Mi padre, cuando se armaban estas bataholas solía hacerse el desentendido y desaparecer de la casa sin que nadie lo notara y no volvía hasta cerciorarse de que todo estuviera en calma.
Mamá aparentaba dar el brazo a torcer, pero era más terca que mi abuela.
Dió orden de que al menor descuido sacaran al ratón de la casa y lo sacrificaran. Así se hizo.
En una tranquila tarde de enero mientras la abuela dormitaba bajo un sauce en su sillón de ratán, con el canasto conteniendo su valiosa carga a un costado, uno de los peones se acercó sigiloso y se lo llevó.
Fué al monte y lo mató como si fuera una gallina y tuvo el cuidado de enterrarlo.
El canasto quedó abandonado cerca de la tina donde había aparecido la reencarnación del abuelo.
Cuando la nona despertó de su siesta, lo primero que notó fue que le faltaba su tesoro.
Interrogó a todos, familia y personal. Su desesperación crecía más y más con las negativas. Nadie sabía nada. Nadie había visto nada.
La abuela fué hasta la tina que seguíamos manteniendo llena de agua por si se llegara a necesitar.
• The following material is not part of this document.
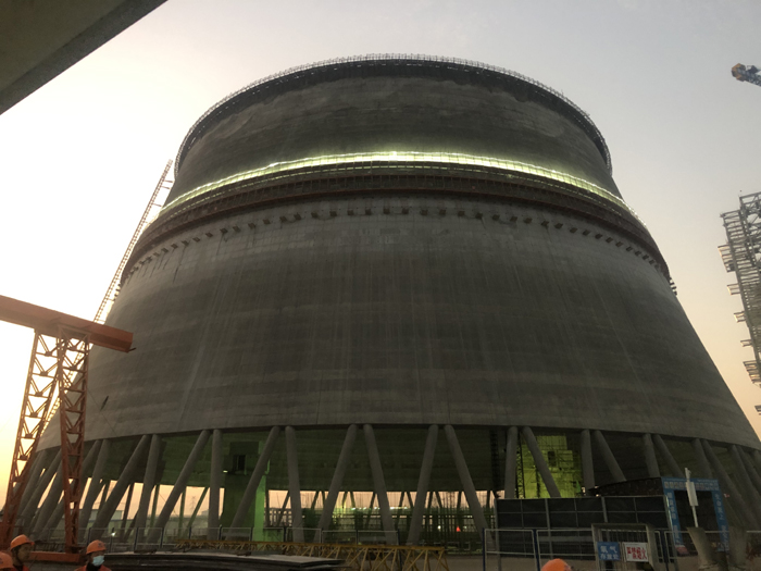 豐城電廠#7冷卻塔加固項目于2020年10月8日正式開工,計劃工期6個月。施工內容是完成30節筒壁加厚,施工標高35m-72m。項目工期緊,施工難度大,公司極為重視,總經理萬雄衛、監事會主席閔啟武多次到現場協調外部工作。工程公司經理王臻瑜常駐現場,現場辦公,大大提高了工作效率。質安總監胡正彥亦多次到現場指導工作,進行安全、質量監管與指導。公司領導輪番督陣,給項目部提供大力支持、全面保障、糾正管理偏差,鼓勵項目部大膽工作,在確保安全和質量的前提下,加快進度。

Cerca encontró el canasto de mimbre con tapa que el peón le había quitado para hacer desaparecer el animal.
La abuela dedujo que se trataba de una maniobra de Keronte, quien por fin había logrado apoderarse del abuelo.
A todos nos llamó la atención que a la tarde la abuela estuviera sosegada y sentada otra vez en su sillón mirando el río.
A la hora en que el sol comenzaba a ponerse, como siempre pasó nuestro vecino Antonio en el bote con su perro.
La abuela, lejos de estar en su sano juicio creyó estaba pasando Keronte cargando al abuelo hacia el mundo del que ya no se vuelve.
De entre sus cosas sacó el trabuco y corrió al muelle gritando “¡Sombra de las tinieblas, devuélveme a mi marido!”
El pobre Antonio al ver que la abuela le apuntaba con su trabuco, largó los remos y quedó petrificado con los brazos en alto y la boca abierta.
Su perro ladraba furioso desde el bote.
-Muerte al perro infernal- gritaba la nona mientras disparaba el trabuco con tan mala puntería que el perro se tiró del bote, llegó a tierra y allí se trenzó con nuestros perros, gracias a eso ninguno resultó muerto, pues como todos sabemos las peleas de perros aquí son a guapear nomás.
Mientras los perros peleaban aprovechó el vecino Antonio, que había sufrido algún rasguño para tirarse del bote y llegar nadando a la otra orilla.
Al día siguiente supimos que había contra la abuela una exposición civil y que se requería que se presentara acompañada por mi papá y mi mamá.
Mi papá había desaparecido, como de costumbre esta vez con la excusa de hacer cortar un cañaveral en la tercera sección de Islas (bien lejos del lío que había en casa) las dos mujeres se aprestaron para viajar al día siguiente al continente.
Mi mamá muy avergonzada pues si bien todo el mundo sospechaba que la abuela estaba algo "tocada" éste escándalo la ponía de muy mal talante.
La abuela por su parte seguía furiosa con las sombras del averno y se preparaba a devolver el golpe.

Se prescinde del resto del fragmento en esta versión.